Hey UK citizens! Thinking about the possibilities of avoiding crypto tax? From a survey we have conducted, we understood that many of them are hiding their cryptocurrency from the HRMC to avoid crypto tax, but honestly, it is not a good idea. Savvy investors use legal tax-saving strategies to save money.
There are several possible and easy ways to avoid crypto tax in the UK. keep on reading the article to know them.
10 ways to Avoid Crypto Taxes in the United Kingdom
Technically, there is no such way to legally avoid taxes, however, some strategies will help you legally reduce your tax bill.
1. Hold your cryptocurrency
This is the easiest way to avoid crypto taxes, you just have to hold cryptocurrency for the long term. There is no tax for holding back the cryptocurrency and for transferring between different wallets that the same person owns.
2. Take advantage of tax-free thresholds
Note: for most taxpayers in the UK, the first £3,000 of capital gains income earned is excluded from tax. If the total income exceeds £100,000, the tax-free threshold drops. Also, if the income goes beyond £125,140, the person associated with this will not be receiving any tax-free allowance.
3. Take profits in a low-income year
The UK is performing a progressive tax system. The income is directly proportional to the tax to be paid. Therefore, most of the investors choose to eject their crypto-assets in years when their income is low. This typically means, the tax burden can be reduced if crypto is sold in a year.
4. Harvest crypto losses
If you are selling the cryptocurrency at a loss, then you will have serious tax benefits.
Tax loss harvesting is a tactic when cryptocurrency losses are used to offset gains from cryptocurrency, stocks, and other assets.
The foremost thing is you should have a clear understanding of your loss to claim it on your return. A few examples of realization of loss include selling crypto, trading it for another cryptocurrency, or using it to make a purchase.
5. Make a crypto donation
If you are donating cryptocurrency to a registered charity and not receiving anything in return, this is considered tax-deductible. During donation, you can write off the fair market value of your crypto. Nevertheless, if the crypto value has increased after receiving it, a capital gain will be recognized.
6. Gift crypto to a significant other
Another method is to gift crypto to a spouse or civil partner since it is considered tax-free in UK. for the entire year, if your partner hasn’t utilized their tax allowance, you can gift your crypto to minimize that tax liability of disposal.
7. Hire a tax professional
This strategy will be helpful if you are a frequent cryptocurrency trader. You can seek help from tax professionals. This might be expensive since you have to hire an accountant, but it is worth the spend.
8. Invest in a SIPP
SIPP stands for Self-Invested Personal Pensions (SIPP). These are introduced to help you boost wealth by reducing the tax burden. For all the contributions made to SIPP, the HRMC pays 20% in tax relief.
During this time, holding back Bitcoin and other cryptocurrencies in a SIPP is not allowed, instead, you can invest in the VanEck Vectors Digital Assets Equity UCITS ETF, which is performing to track the price of companies with significant exposure to crypto and blockchain.
9. Relocate to a low-tax country
This is the hardest method to act. However, in order to save money, some investors choose to relocate to a country where crypton tax rates are lower. If we take Germany as an example, gains on cryptocurrency disposed of after a year or more are completely tax-free. You can also consider countries such as Singapore and the United Arab Emirates.

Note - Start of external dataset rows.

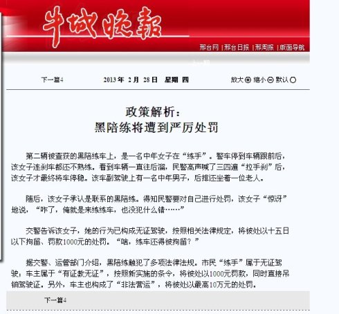 新華網(wǎng)重慶7月25日電(劉玲妙、姚慧、趙宇飛)隨著駕考熱不斷升溫,專門為“新手”服務(wù)的汽車陪駕市場(chǎng)也日益火爆。然而記者調(diào)查發(fā)現(xiàn),目前汽車陪駕市場(chǎng)亂象叢生,絕大多數(shù)是無(wú)資質(zhì)、無(wú)協(xié)議、無(wú)監(jiān)管的“黑陪駕”,由此帶來(lái)的安全隱患不容小視。
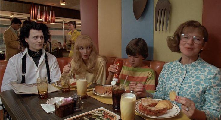 Edward’ın şatosunun zıttı niteliğinde kalan toplumun renkli hayatlarıyla beraber kendini gösterirken kullanılan mekan ve dekorların renklerinin canlı ve göz kamaştırıcı hayatları özendirici bir havası gereği filmde açık bir şekilde betimlenmesinin fark edilmesi kaçınılamaz göstergelerden yine en belirginlerinden biriyken aynı zamanda toplum insanlarının tavırlarının Edward’ın tavırlarına göre daha kötümser oluşu gözler önüne seriyor.
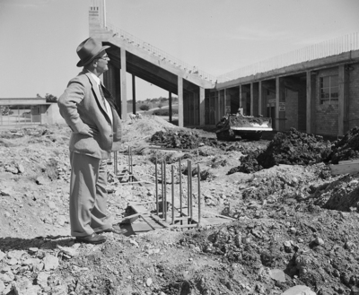 Texas Christian University (TCU) Athletic Director Dutch Meyer check progress on enlargement of Amon Carter Stadium's east stands.
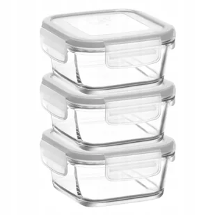 POJEMNIK SZKLANY DO ŻYWNOŚCI Z POKRYWKĄ 400 ml 3 SZT kwadratowy
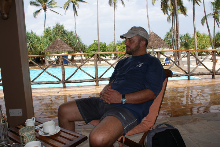 Meine Wenigkeit, beim einzigen Regen während des Tages in der ganzen Zeit auf Sansibar, an der Poolbar.
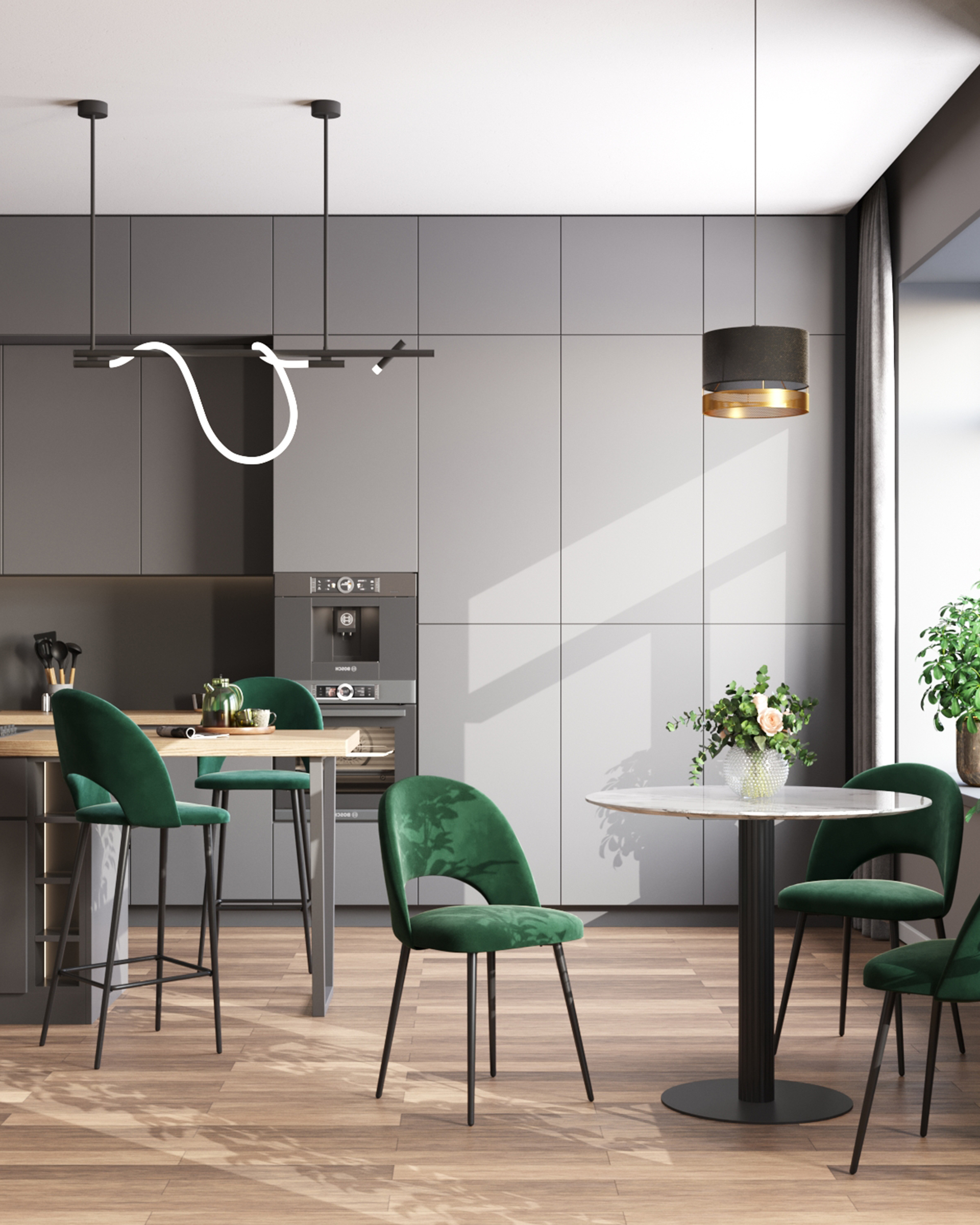 Стул барный Меган обивка велюр зеленый ножки металл черные

10. Use crypto tax software
It is important to know that, any mistake on a tax return can be expensive. You can review so many cases to know more about it. If any kind of inaccuracies occur because of the carelessness of the taxpayer, the HRMC will charge a penalty between 0 and 30% of the tax liability. Pay utmost attention while making any transaction across all of your wallets and exchanges; also keep detailed records of them. If you are finding the generation of crypto tax reports and identifying loss-harvesting opportunities strenuous, then you can use crypto tax software. This is very simple, you have to plug in your wallets and exchanges, import your transactions, and the software will do the rest.